How to complete this task ▸ Copy the listing as it is written, and leave each picture out.

◇ ◇ ◇ ◇

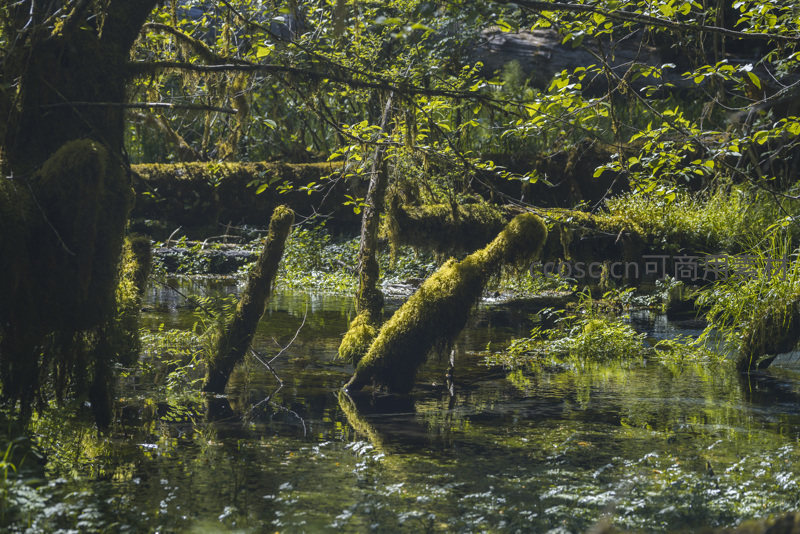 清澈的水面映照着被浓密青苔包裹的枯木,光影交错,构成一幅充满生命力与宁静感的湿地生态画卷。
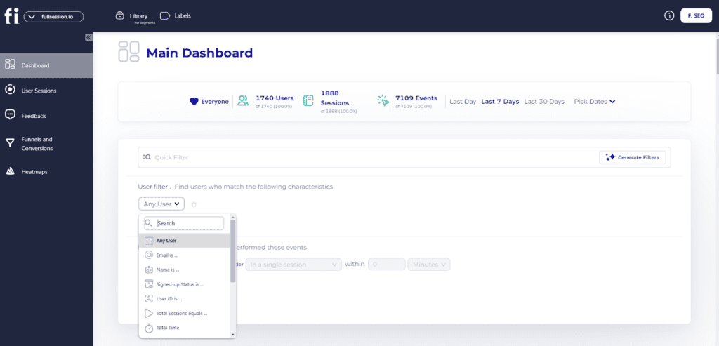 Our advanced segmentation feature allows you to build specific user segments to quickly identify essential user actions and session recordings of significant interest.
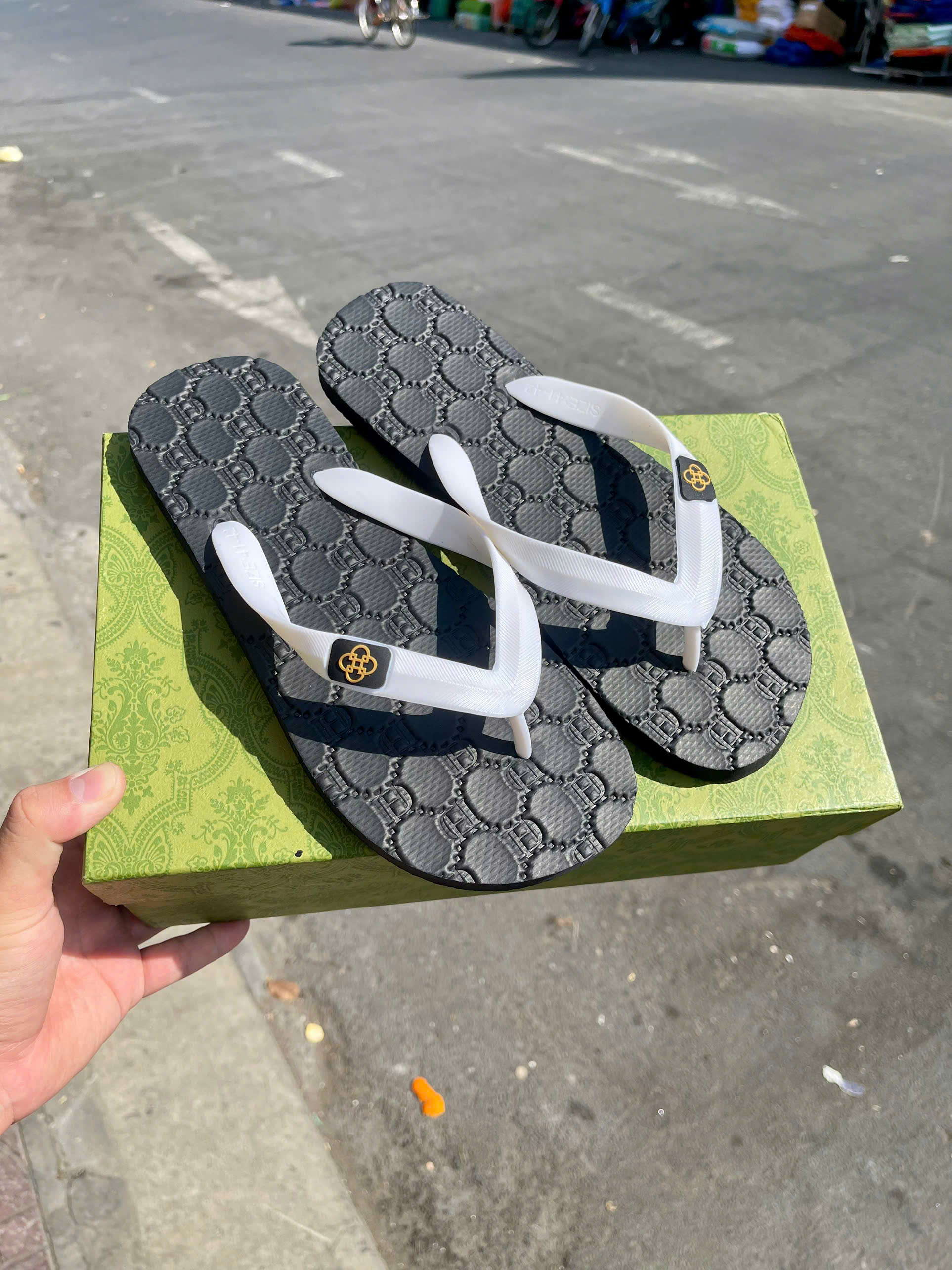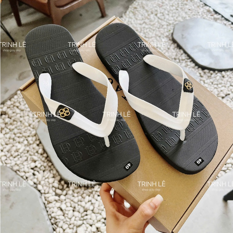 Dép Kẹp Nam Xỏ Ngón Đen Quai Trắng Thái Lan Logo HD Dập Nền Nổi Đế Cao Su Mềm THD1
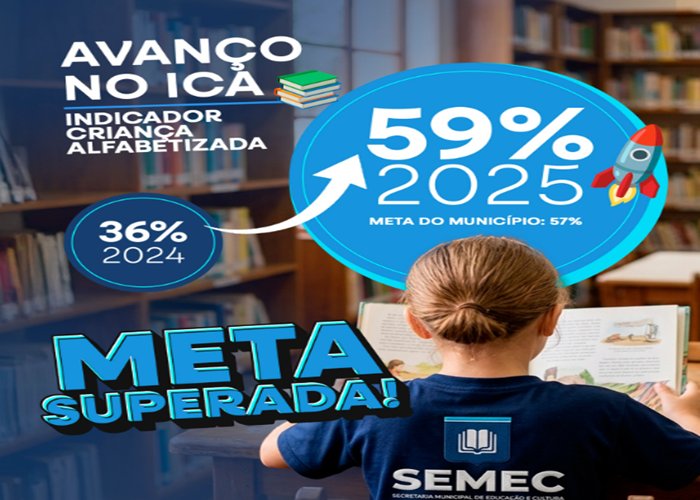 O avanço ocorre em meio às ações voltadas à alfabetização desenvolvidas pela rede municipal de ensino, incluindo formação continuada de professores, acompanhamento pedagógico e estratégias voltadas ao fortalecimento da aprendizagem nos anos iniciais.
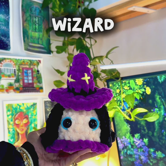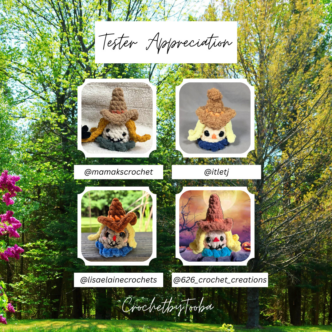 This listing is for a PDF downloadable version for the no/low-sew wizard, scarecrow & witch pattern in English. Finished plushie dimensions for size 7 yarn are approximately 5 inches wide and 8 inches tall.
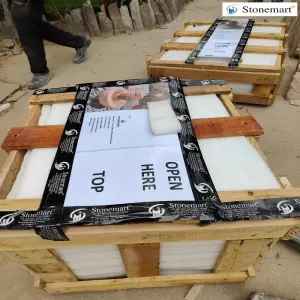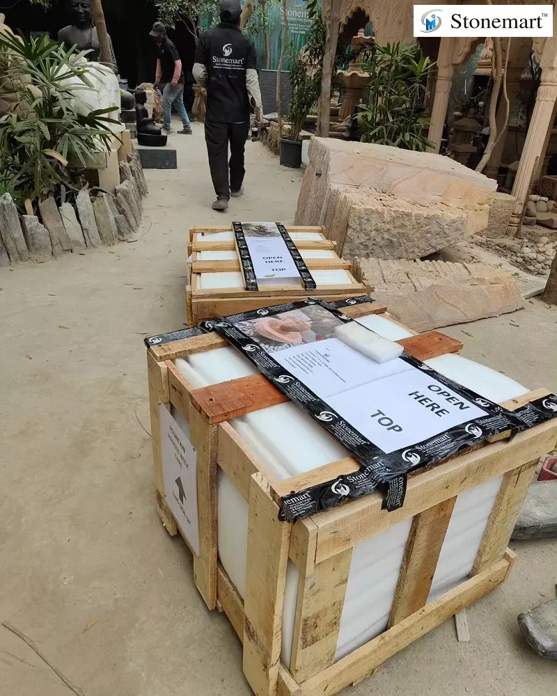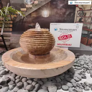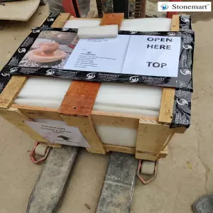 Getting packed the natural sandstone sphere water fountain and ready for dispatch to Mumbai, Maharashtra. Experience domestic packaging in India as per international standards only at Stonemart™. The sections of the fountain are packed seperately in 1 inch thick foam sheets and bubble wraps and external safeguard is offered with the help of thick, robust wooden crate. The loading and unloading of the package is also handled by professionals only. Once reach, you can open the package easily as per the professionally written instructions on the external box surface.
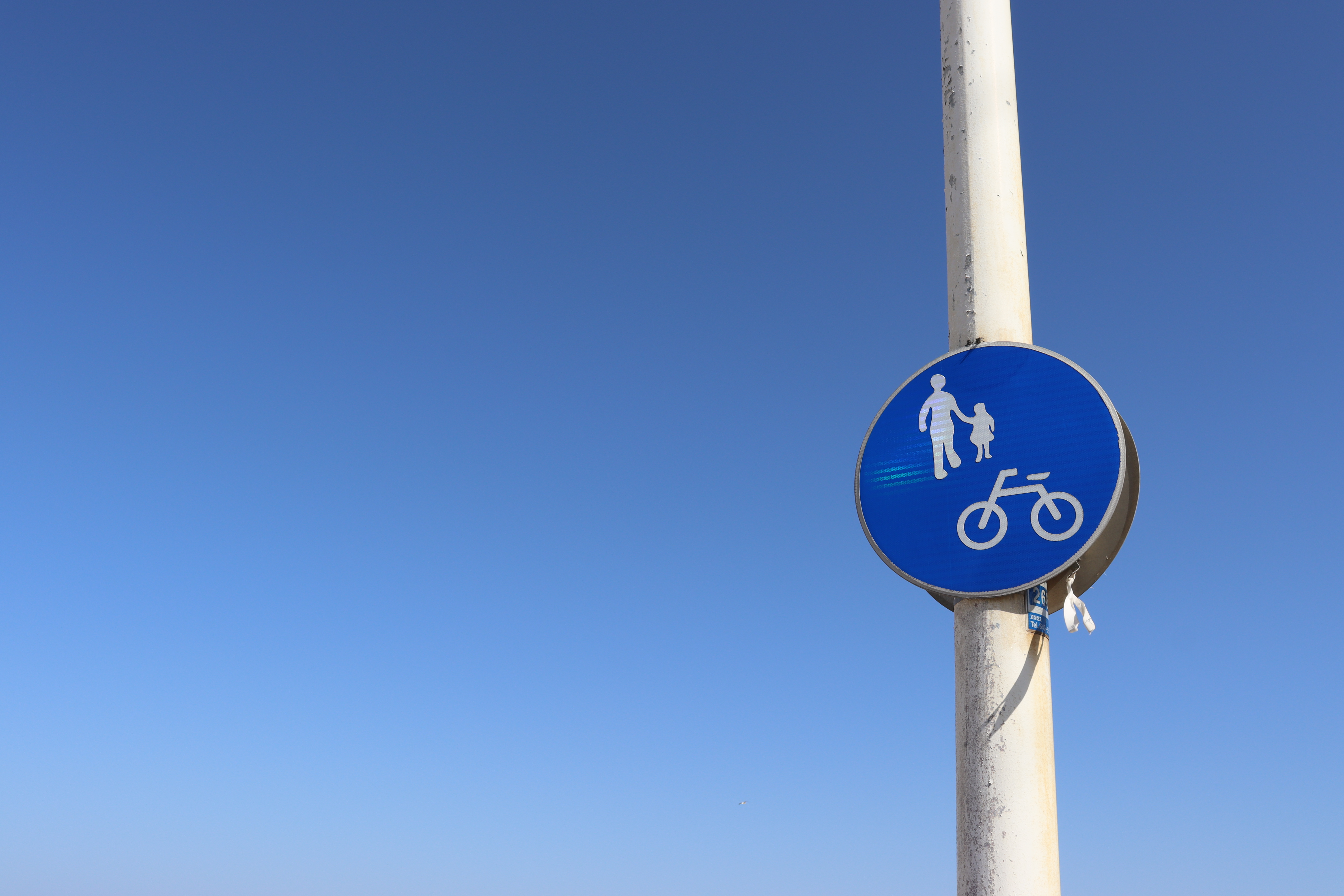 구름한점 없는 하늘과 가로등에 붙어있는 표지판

◇ ◇ ◇ ◇

Completed task ▸
 清澈的水面映照着被浓密青苔包裹的枯木,光影交错,构成一幅充满生命力与宁静感的湿地生态画卷。
 Our advanced segmentation feature allows you to build specific user segments to quickly identify essential user actions and session recordings of significant interest.
 Dép Kẹp Nam Xỏ Ngón Đen Quai Trắng Thái Lan Logo HD Dập Nền Nổi Đế Cao Su Mềm THD1
 O avanço ocorre em meio às ações voltadas à alfabetização desenvolvidas pela rede municipal de ensino, incluindo formação continuada de professores, acompanhamento pedagógico e estratégias voltadas ao fortalecimento da aprendizagem nos anos iniciais.
 This listing is for a PDF downloadable version for the no/low-sew wizard, scarecrow & witch pattern in English. Finished plushie dimensions for size 7 yarn are approximately 5 inches wide and 8 inches tall.
 Getting packed the natural sandstone sphere water fountain and ready for dispatch to Mumbai, Maharashtra. Experience domestic packaging in India as per international standards only at Stonemart™. The sections of the fountain are packed seperately in 1 inch thick foam sheets and bubble wraps and external safeguard is offered with the help of thick, robust wooden crate. The loading and unloading of the package is also handled by professionals only. Once reach, you can open the package easily as per the professionally written instructions on the external box surface.
 구름한점 없는 하늘과 가로등에 붙어있는 표지판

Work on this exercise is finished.